Sunday, August 23, 2009

The Returning Hero




Ray Banks: Saturday's Child



I'm always interested, both professionally and personally, in series fiction with recurring characters. I wrote a series of 5 time travel books (one remains unpublished) from 1985 through 2003. When you're working a series like that, you always have to deal with several nagging, ongoing problems: how much the characters should change over time, and how much backstory do you present in each succeeding book. I'm presently reading a terrific series by Ray Banks, and it's interesting to see how he handles these problems, especially how he handles his character's changes.


Allow me an aside. When I reached the third in my time travel series, Till the End of Time, I had grown sick of writing the female lead character. Each book would star the hero, Alex Balfour, as he flitted helplessly back and forth in time, while in the present, his girlfriend, Molly, would have her own parallel adventure. By the third book, this structure had grown cumbersome and onerous, so I thought, what the hell, I'll kill the love interest off. Big mistake. I can't say I had all that many readers, (if I did I'd still be writing the series) but those I did have howled when Molly died. Whenever I did a reading or library event, the chorus was always the same: bring Molly back, which I eventually did in In Time of War. It was tricky to pull off, but I figured, it's a time travel book, is anyone ever really dead?


Anyway, the Ray Banks, Cal Innes, series I'm reading: Saturday's Child, and Sucker Punch are available in the U.S. The third and fourth books, Donkey Punch and No More Heroes are available as imports and will be published in this country in 2010 and 2011.


I'm reading them out of order. I reviewed, glowingly, the second book, Sucker Punch, and loved it so much I ordered the first book from Amazon just for my own reading pleasure. I never do that. When you're facing a continual stream of Books That Must Be Read you just don't have the time or the energy to read on the side for fun. That shows you how much I love Banks' books.


His hero Cal Innes is a hard lad from Manchester who has done time and after prison turned himself into a sort of private eye. He works out of a boxing gym and is always trying to stay on the straight and narrow, but his criminal connections are strong, the police are always attempting to jail him and his penchant for extreme violence keeps him one small misstep away from a serious beating, (he gets plenty of those) a new stretch in jail, or death. He's a great character.


The usual author and publisher modus is to establish a character and a series commercially and then milk it until there's not a drop of either blood or money left in the concept. And who can blame them? That's what I'd like to do. (Are you aware that there are now 37 books in the Robert Parker, Spenser series?) But that's not what Banks has done with Cal Innes.
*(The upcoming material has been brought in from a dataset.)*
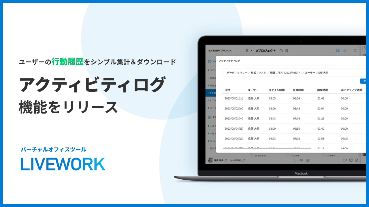 仮想オフィスツールLIVEWORK(ライブワーク)、ユーザーの行動履歴を可視化・リモートワークの透明性を高めるアクティビティログ機能をリリース

He changes from book to book, and what he does to Cal in the last book is stunning indeed. If you'd like to know what happens eventually to Cal Innes, you can find out here in an interesting discussion about this question. If you want to read the series and discover on your own, all four of the books can be found on Amazon.
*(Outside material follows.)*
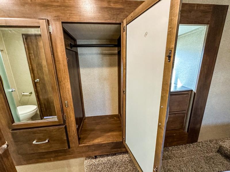 The Reflection by Grand Design offers luxury along with providing easy towing with the aerodynamic front cap with Max Turn radius to your favorite destinations. The Universal All-In-One docking station, LP Quick Connect, and One-Touch electric awning with LED light make setting up and packing up easy for those weekenders or full-timers that like to move around. Inside you will find the bedroom is complete with a pillowtop queen mattress, king size wardrobe, oversized underbed storage, and much more! The Arctic 4-Seasons Protection package allows you to camp anywhere and anytime of the year. Come choose your favorite model today!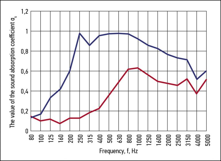 коефициент на звукопоглъщане без запълване на въздушния участък между акустичните панеликоефициент на звукопоглъщане при запълване на въздушния участък между панелите с вата Isover Premium 50 мм

All that aside, it's Banks' writing that is so flat out wonderful. Funny, noir, an original voice that at times is beyond comprehension, at least for American readers. I'm going to give you a chunk of it to show you what I mean. This is from the first book, Saturday's Child. The speaker is a character, Mo, who is Cal's enemy. He and his mates are in a nightclub:


“So Baz went straight for the bar with a proper thirst on and me and Rossies held back, scanned the territory. I always like to keep Rossie with us, because he looked like a card-carrying hard fuck when he needed to. He stopped any bother before it happened. It were still early, but it seemed like they was rolling out tunes especially for me. This one's a fucking thumper for the Tiernan lad, welcome to the club, and the punters'll be lining up round the fuckin' block to buy.
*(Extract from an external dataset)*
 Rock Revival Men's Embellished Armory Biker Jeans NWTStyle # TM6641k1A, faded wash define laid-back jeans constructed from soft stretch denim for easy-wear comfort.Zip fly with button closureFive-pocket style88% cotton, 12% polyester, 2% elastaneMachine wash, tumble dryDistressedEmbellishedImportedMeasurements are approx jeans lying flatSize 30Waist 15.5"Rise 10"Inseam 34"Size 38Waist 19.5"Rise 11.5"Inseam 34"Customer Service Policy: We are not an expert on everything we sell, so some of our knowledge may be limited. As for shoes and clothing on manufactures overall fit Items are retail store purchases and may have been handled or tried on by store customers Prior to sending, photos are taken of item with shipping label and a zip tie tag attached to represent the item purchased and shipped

“Oi oi, you lahky peep-holes. N-tsh-n-tsh-n-tsh.

“Business went fast, kept the night banging underfoot. I sorted it out, got me turnover turned over sharpish, like. A half-decent DJ spinning. And some blond piece wanted a piece of Mo. I had to knock her back, like. Not that I were one not to mix business and pleasure, but she had tan lines and smelled rank.

'What's that perfume, love?' I said.

'J-lo!' she shouted. 'Does it suit us, you think'?

'Well, you got the arse for it.'

“She got all pissy at that, but what the fuck were I supposed to say? She were fat as yer mother. More in Rossie's league, know what I mean? He'd fuck mud, If mud'd have him.”


I could go on and quote the entire book. If you like original characters, dialogue like the above, a bit of violence and some laughs, hunt down Ray Banks. Then you can come back here and thank me for it.